Second, the adverse reaction rate is sufficiently high to avoid vaccination for groups that are not at risk. The vaccine is contraindicated in pregnant females, persons with immune disorders or undergoing immunosuppression therapy (organ transplants), people fighting viral infections such as HIV or herpes, people with leukemia, lymphoma, cancer, individuals undergoing cancer therapy or taking steroids, and persons with a history of skin conditions such as eczema, impetigo, shingles and dermatitis. The Dryvax vaccinia vaccine (Wyeth Labs), which is what is currently available to inoculate against smallpox, contains trace amounts of polymyxin B sulfate, streptomycin sulfate, chlortetracycline hydrochloride and neomycin sulfate. Sensitive individuals should avoid vaccination. 
We forget that the US ceased smallpox vaccinations in 1972 because many people were experiencing side effects. If the US were to vaccinate 300 million people it would guarantee the death of 300 people, says Stuart Isaacs, a pox virus specialist at the University of Pennsylvania School of Medicine. Another 3000 would develop painful boils and scars and 600 people would suffer brain damage from encephalitis.  Fever is common in adults and children and is experienced by 70% of children following inoculation. Some 15–20% experience swelling in the lymph glands.
In March of 1947 a businessman traveled by bus from Mexico City to New York City, infected with the smallpox virus. When the pox broke out, panic ensued and 6 million Americans were vaccinated in one month. But the vaccine turned out to be more deadly than the smallpox itself. The virus killed two people, but the vaccine killed six.
From 1991 to 1996 Israeli Defense Force recruits received smallpox vaccinations. The overall complication rate was 0.4 per 10,000 vaccinees. That would equal about 11,200 adverse events should the US population of 280 million undergo vaccination. [18,19] Among 14 million people vaccinated for smallpox in a study published in 1968, 9 deaths occurred.  US military personnel have refused the smallpox vaccine because of its side effects and an estimated 400 have undergone court martial or resigned rather than submit to vaccination. 
Third, the vaccinia immune globulin is required for treatment of side effects. Vaccinia immune globulin can treat the side effects but it has to be obtained from a blood sample of people recently vaccinated. Since routine smallpox vaccinations ceased in 1972, the immune globulin is in short supply. Its only current source is recently inoculated military personnel. The existing immune globulin supply turned yellow in storage so health authorities won’t permit its use. 

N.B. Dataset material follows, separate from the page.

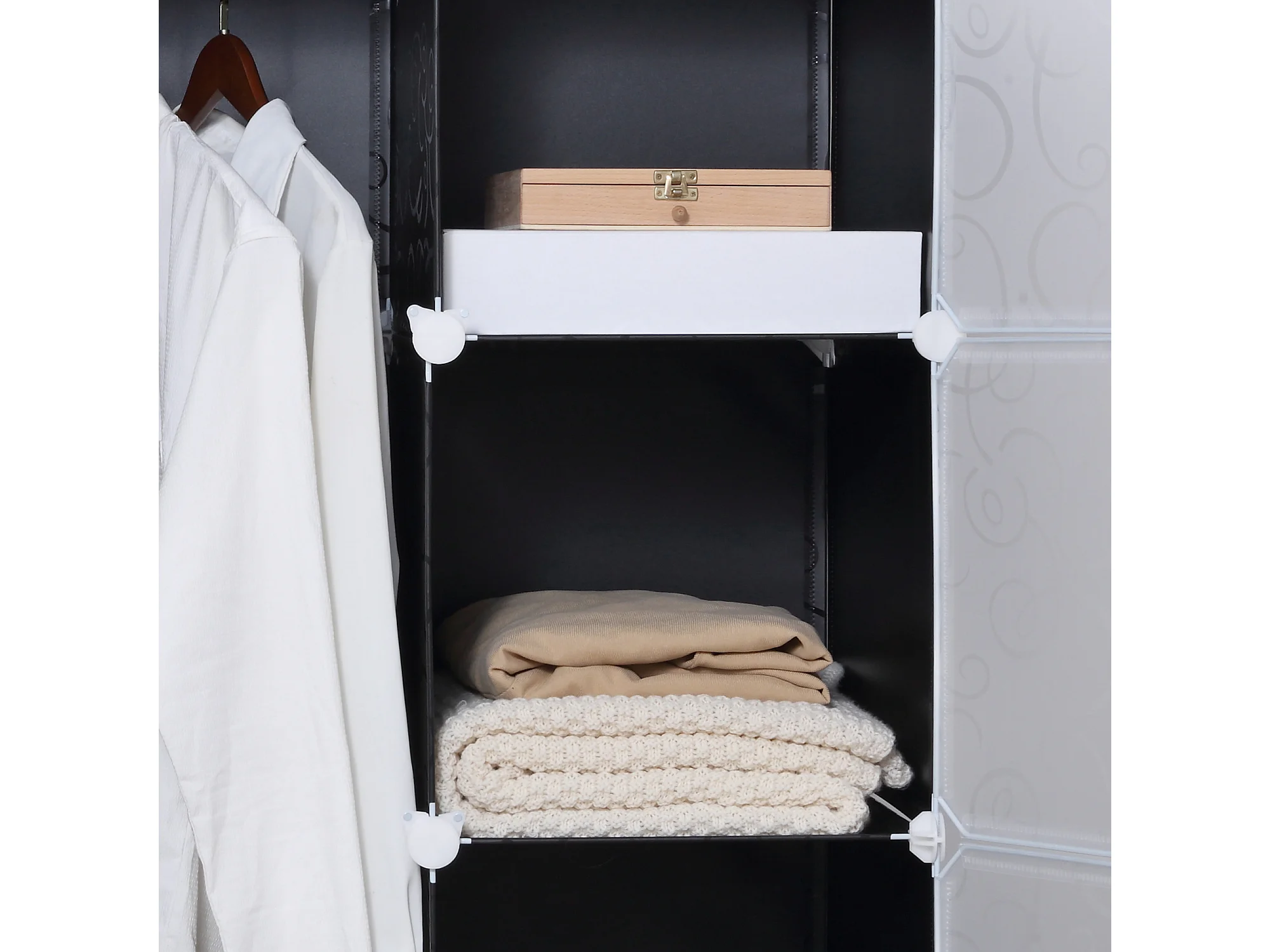 Armoire modulaire DIY avec 16 compartiments et 2 tringles, système de rangement pour vêtements, chaussures, plastique, noir (145x46x162 cm)

Fourth, the vaccine only prevents smallpox for 10 years. Fifth, about 3% of the vaccinated still die. Sixth, the new vaccine will be an unproven one. New methods of manufacture are being employed. Since human studies would be unethical, the first test of this new vaccine would be in an actual bioterror situation. Our defenses against biological weapons are often unproven. Seventh, Australian scientists stumbled onto a way to insert a gene into the smallpox virus so as to overcome vaccinated immunity. 
The variola virus
Smallpox is caused by the variola virus. There are two major strains, variolia major and variola minor. Variola major causes death in 30% of cases whereas variola minor only has a 1% fatality rate.  It is spread by water droplets containing the virus. An infected person exhales into the air and the new victim inhales into the lungs. People within 6 feet of the infected can breathe smallpox viruses into their lungs. It can also be transmitted by direct contact such as sexual contact, kissing and exchange of body fluids. Bedding and clothing may also be sources of infection.

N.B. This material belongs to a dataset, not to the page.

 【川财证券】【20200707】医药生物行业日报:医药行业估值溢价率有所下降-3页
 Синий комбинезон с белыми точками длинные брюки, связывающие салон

Within 12–14 days of infection flu-like symptoms begin and red rashes are its most dominant feature. It looks like hundreds of pimples on the skin. Headache, fever, vomiting, muscle pains, chills, are other common symptoms. Kidney damage, pneumonia, scars, blindness make this a disease that is often not worth surviving. The most serious complications are convulsions in young children leaving the child with permanent brain damage and paralysis, or severe onset of symptoms with loss of consciousness, convulsions and coma.
Smallpox is part of a family of pox viruses that include camelpox, cowpox, monkeypox, with the latter posing the most serious threat to human health. The variola virus in aerosol form can stay active for hours if not exposed to sunlight.
Types of vaccines
Because there is need to develop safer vaccines, the current stock of smallpox has been retained rather than destroyed. . This decision has been widely criticized.

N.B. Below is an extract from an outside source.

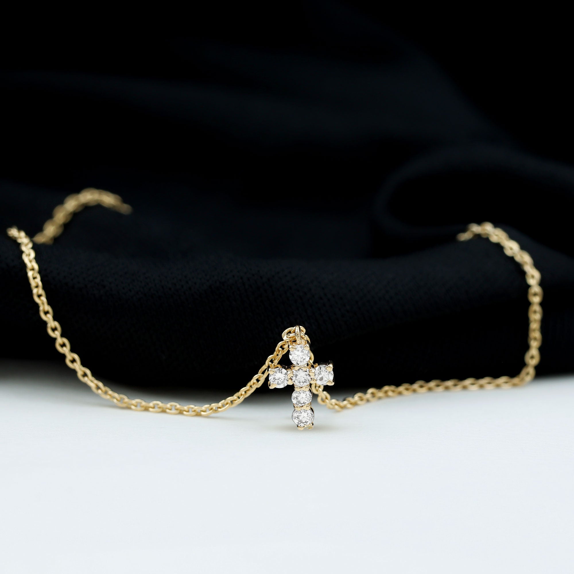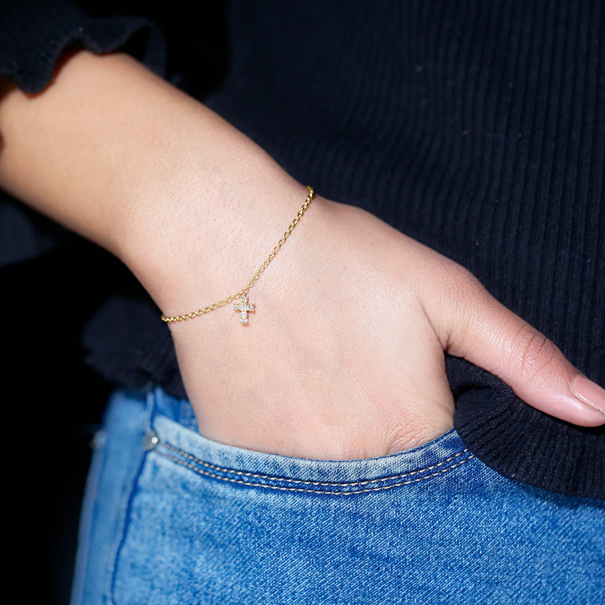 Embrace the timeless symbol of faith, spirituality, and devotion with this exquisite Diamond Cross Bracelet, which is inspired by the sacred cross. With its unique design and meticulous attention to detail, this Bracelet offers luxury and elegance. Exuding sophistication and grace, this Cross Bracelet is adorned with a Round brilliant cut Diamond on the cross. Its design is crafted to honor the significance of the religious symbol and serve as a beautiful reminder of ones beliefs and values. This spiritual accessory has a perfect Cross charm on the Chain Bracelet that blends tradition with modernity. As a timeless piece of jewelry, it is a minimalist accessory that represents themes and religion and is perfect for any special event. Its minimalist design highlights a striking cross charm which resonates with refined elegance. Whether worn solo for a subtle statement or layered with other pieces for a bolder look, this Cross Charm Bracelet is classic simplicity through every moment, reminding you of the spiritual significance it embodies.

Only calf lymph vaccine is currently available in the US (Dryvax, Wyeth Labs).  Because of the drawbacks of the current vaccine, there is an effort to improve it. The newest version of the smallpox vaccine would be produced using a new technique “that grows the vaccine material in clean laboratory cultures without the risk of outside bacteria or viruses.”  If that phrase skipped past you, what it means is that other viruses or bacteria have hitch-hiked on previous vaccines cultured from animals and are responsible for some of the side effects. Of course, the vaccine manufacturers aren’t going to tell us about that, even though they are protected from liability by the National Vaccine compensation program. The new vaccine will be derived from a human cell culture (grown in a lab dish) rather than being derived from calf lymph tissue.
Federal health officials fear the same mistake made with the polio vaccine. Polio shots harbored another virus, called the simian 40 (SV40), which is now believed to be responsible for 3000 cases of chest cancer (mesothelioma) annually. Over 100 million people were given the polio vaccine and millions acquired the of SV40. The government never officially informed the citizenry of this problem. 
Of course, the best vaccine would be a killed virus, which the National Institutes of Health is attempting to develop. But even a killed vaccine doesn’t ensure the virus is dead. Formalin and other agents are used to kill the virus, but may not be totally effective in every batch.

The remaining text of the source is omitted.